Best of Penny Wylder: Virgin Romance by Wylder Penny

Best of Penny Wylder: Virgin Romance by Wylder Penny

Author:Wylder, Penny
Language: eng
Format: epub
Published: 2021-09-10T16:00:00+00:00


15

My phone is in my hand the minute I leave the gym, calling Kara. It goes to straight to voicemail. I call again, same thing. It doesn’t even sound like she’s screening the calls, the phone is just off. I practically sprint back to our dorm, making it across campus in half the time. I burst into the room, startling another of my suite mates. “Kara?”

“She’s not here,” Ellen says. “Haven’t seen her at all.”

“Shit.” I change out of my uniform as fast as I can, grab my bag and head out again. Where could she possibly be? This is exactly what I was afraid of, that she’d get the wrong idea, that I wouldn’t get to explain, that now she thinks that I’ve betrayed her. Or maybe she thinks something even worse. I don’t know. She’s not in the dining hall, and she’s not in the little lounge in the science building where she likes to study. I haven’t seen her anywhere across campus. I check the gym again, just in case she circled back to avoid me. No luck. Her phone is still going straight to voicemail, though I leave one more message. “Kara. Please call me. I can explain everything. Just give me the chance.”

My anger at Marian and my determination to find Kara suddenly vanish, and I’m left with just overwhelming sadness. No one’s here in the gym, so I just sit down against the wall and let the tears come. Maybe Carter was right. Maybe I should have just told her while we were naked in the shower. It would have been better than finding out from fucking Marian.

The tears flow, and I cry until I can’t even breathe normally. I’m starting to hiccup. Kara and I don’t ever fight. Not really. Small arguments that are resolved after a couple of hours. Nothing like this. This feels bigger, and I don’t know if we’ll come back from it. I don’t know if I’ve wrecked it for good.

I feel someone sit down next to me and I lean over onto Carter’s shoulder. My tears soak through his shirt, but he doesn’t seem to mind. Instead, he takes my hand, thumb rubbing circles on my palm. He doesn’t ask but I tell him what happened anyway. It all comes spilling out quickly. It doesn’t take long—he already knows most of it.

When I’ve finished hiccupping through the last of it, Carter reaches around me, cradling me in his arms. “It’s going to be okay.”

“You don’t know that.”

“No,” he says lightly, “but I’ve been told I’ve got very good intuition.”

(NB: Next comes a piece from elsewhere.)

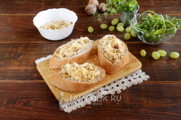 Густо покройте хлеб с маслом орехово-сырной смесью.
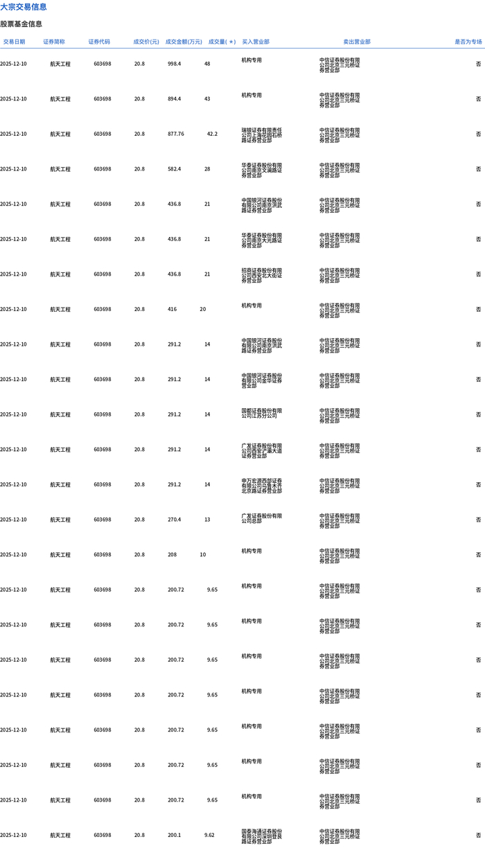12月10日,航天工程大宗交易成交414.37万股,成交额8618.9万元,占当日总成交额的5.9%,成交价20.8元,较市场收盘价24.25元折价14.23%。

I want to believe him, but I can’t. Not yet. Not when Kara is somewhere with a broken heart thinking her best friend is a traitor and a liar.

“Come on,” he says, getting up and pulling me with him. “I know what’s going to make you feel better.”

“If it’s sex, now’s not the time.”

He laughs, and it fills up the gym. “It’s not sex. That comes later.”

“Okay.”

Together we walk out of the gym and Carter holds my hand.